Andrea Winklbauer,
Süchte, Leidenschaften und Konflikte
"Man muss lernen, dass es keine Antworten gibt", wird der junge Justin gegen Ende von "Thumbsucker" erfahren. Doch bis es zur Mitteilung dieser ultimativen Weisheit kommt, hat er schon einiges hinter sich auf seinem Weg zum Erwachsenwerden. Er ist mit seinen 17 Jahren immer noch Daumenlutscher, introvertiert und schwierig, blüht unter Medikamenteneinfluss kurzzeitig zum gnadenlosen Star des Debattierklubs auf und versumpert kurz danach als Doperaucher.
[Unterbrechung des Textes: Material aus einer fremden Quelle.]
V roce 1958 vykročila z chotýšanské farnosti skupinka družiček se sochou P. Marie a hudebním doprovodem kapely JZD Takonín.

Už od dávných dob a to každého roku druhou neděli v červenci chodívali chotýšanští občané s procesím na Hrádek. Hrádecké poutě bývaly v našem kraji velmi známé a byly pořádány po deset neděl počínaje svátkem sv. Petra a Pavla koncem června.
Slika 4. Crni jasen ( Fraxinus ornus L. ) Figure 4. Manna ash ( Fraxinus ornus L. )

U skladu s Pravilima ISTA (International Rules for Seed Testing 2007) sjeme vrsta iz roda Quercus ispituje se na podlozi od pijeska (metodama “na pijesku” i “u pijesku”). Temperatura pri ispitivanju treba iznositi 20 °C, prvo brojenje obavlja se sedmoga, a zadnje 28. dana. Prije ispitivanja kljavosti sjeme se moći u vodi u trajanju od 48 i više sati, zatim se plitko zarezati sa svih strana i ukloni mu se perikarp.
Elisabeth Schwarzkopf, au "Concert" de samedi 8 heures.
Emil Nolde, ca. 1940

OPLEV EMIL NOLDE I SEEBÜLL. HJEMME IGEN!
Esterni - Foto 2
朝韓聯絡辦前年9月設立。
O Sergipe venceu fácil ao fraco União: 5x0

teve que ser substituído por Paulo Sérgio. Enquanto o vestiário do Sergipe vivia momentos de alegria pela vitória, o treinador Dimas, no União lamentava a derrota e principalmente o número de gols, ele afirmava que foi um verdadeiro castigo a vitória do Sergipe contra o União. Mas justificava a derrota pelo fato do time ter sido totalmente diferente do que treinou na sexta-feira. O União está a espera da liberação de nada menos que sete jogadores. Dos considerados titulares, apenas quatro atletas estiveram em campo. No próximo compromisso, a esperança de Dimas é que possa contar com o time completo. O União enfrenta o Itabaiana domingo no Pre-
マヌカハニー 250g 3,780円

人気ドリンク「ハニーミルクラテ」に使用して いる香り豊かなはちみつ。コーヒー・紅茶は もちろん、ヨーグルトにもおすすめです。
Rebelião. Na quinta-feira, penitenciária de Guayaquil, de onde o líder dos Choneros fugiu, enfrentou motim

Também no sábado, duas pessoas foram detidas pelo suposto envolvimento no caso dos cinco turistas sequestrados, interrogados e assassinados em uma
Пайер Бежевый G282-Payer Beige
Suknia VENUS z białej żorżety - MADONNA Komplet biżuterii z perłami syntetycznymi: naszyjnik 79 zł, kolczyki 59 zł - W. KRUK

Zur ersten Enttäuschung in der Liebe kommt die Erkenntnis, dass auch die Erwachsenen keinen Schimmer haben, wo es im Leben eigentlich lang geht. Die Eltern verstehen sich zwar auch nach langer Ehe gut, aber besonders Justins Mutter, gespielt von der wunderbaren Tilda Swinton, pflegt ihre geheimen Sehnsüchte und Justin fürchtet schon möglichen Verrat... Erneut ist es ein ehemaliger Regisseur von Musikvideos, Mike Mills, dem ein durch und durch origineller Film gelungen ist. Jenseits der üblichen Teenie-Komödien inszenierte er "Thumbsucker" als Parabel auf das Leben als Versuchsmodell.
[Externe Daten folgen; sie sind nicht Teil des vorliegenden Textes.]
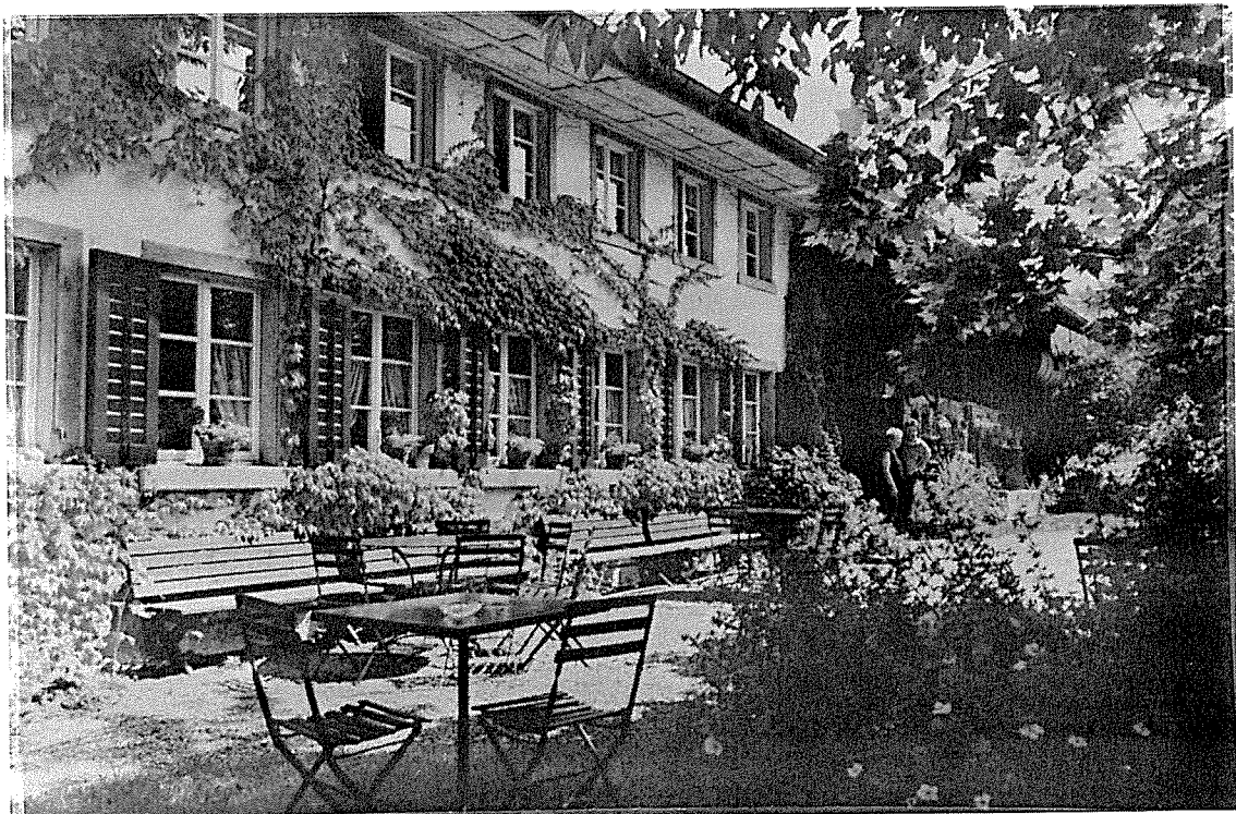
Restaurant Obstgarten in Oberlangenhard (Tösstal ZH)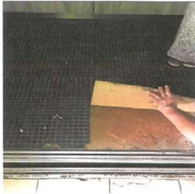
Pintu lif di lobi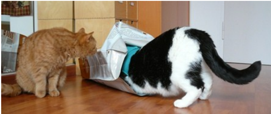
Hey, der Sack ist auf! Cool!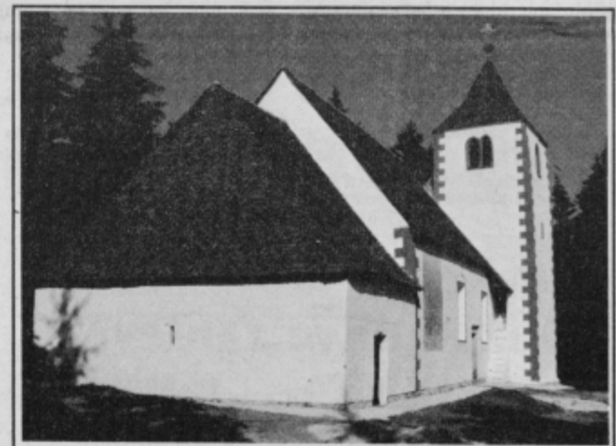
Obnovljena cerkev sv. Miklavža na Koritnem

Obnovitvena dela, ki so veljala skoraj 4 milijone tolarjev, je nadzoroval 11-članski odbor, v katerem so bili predstavniki oplotniške župnije, skupščine in izvršnega sveta, ZKO, škofijskega ordinariata iz Maribora, Narodne galerije iz Ljubljane, domače krajevne skupnosti in Zavoda za varstvo naravne in kulturne dediščine iz Maribora. Nadzor nad gradnjo je opravljal Mar-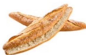
PANESCO 5000106 Barra gallega 45 cm 18x260 g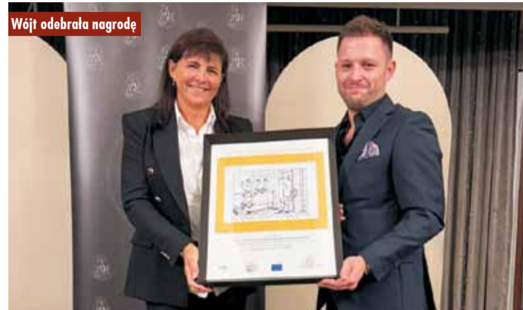
Wójt odebrała nagrodę

kazują się zaangażowaniem w rozwój swojego regionu, wprowadzając innowacyjne rozwiązania, które mają długofalowy, pozytywny wpływ na lokalną społeczność. ugb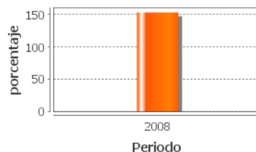
Porcentaje de Avance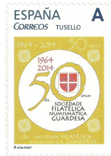
50 Aniversario da S.F. e N.G. Data de emisión 4/10/2014.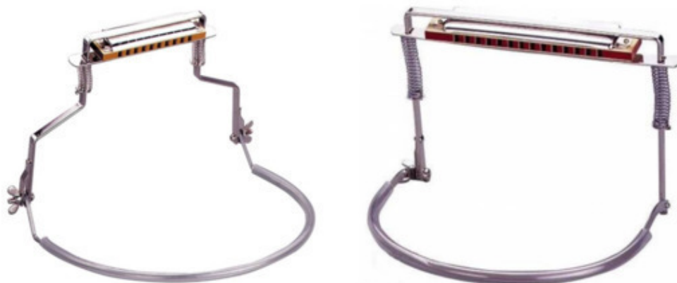
Рис. 6 Холдер короткий и длинный

Чтобы освободить руки гитариста от необходимости держать губную гармошку придумали специальное устройство – холдер (holder) или по-русски – держатель.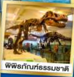
พิพิธภัณฑ์ธรรมชาติ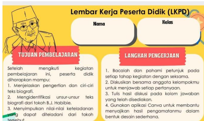
Gambar 1. Tampilan Sampul Lembar Kerja Peserta Didik (LKPD).

Aspek visual bahan ajar dirancang menggunakan platform Canva dengan memperhatikan prinsip keterbacaan, konsistensi desain, keseimbangan tata letak, dan kesesuaian ilustrasi. Desain visual yang menarik diharapkan mampu meningkatkan motivasi belajar sekaligus mempermudah peserta didik dalam memahami materi yang dipelajari.

Ein anderer Beitrag ist eher durch sein aufwendiges Scheitern interessant. "U-Carmen eKhayelitsha", eine Art "Carmen Jones"-Neuauflage (Otto Preminger, 1954), ist ein Bildungsbürgertrip nach Südafrika. Zwar ist das Ausgangsmaterial, die Oper "Carmen", adaptiert und der Film vollständig in der Landessprache Xhosa inszeniert, die Musik von Georges Bizet und die Bilder aus den südafrikanischen Townships stehen aber in einem starken Kontrast zueinander, nicht so sehr wegen der unleugbaren kulturellen Unterschiede, sondern weil hier eine historische Kunstform mit einer heutigen Realität kollidiert. Das hat durchaus seine reizvollen Momente. Doch wann immer Bizet kurz durch afrikanische Musik abgelöst wird, muss man sich fragen: Warum diese historische Krücke? Warum nicht Prosper Mérimées Geschichte um Liebe, Verrat und Mord einfach mit Musik aus Südafrika neu orchestrieren? Diese Filmbilder und die große Opernpose hätten einander nicht gebraucht.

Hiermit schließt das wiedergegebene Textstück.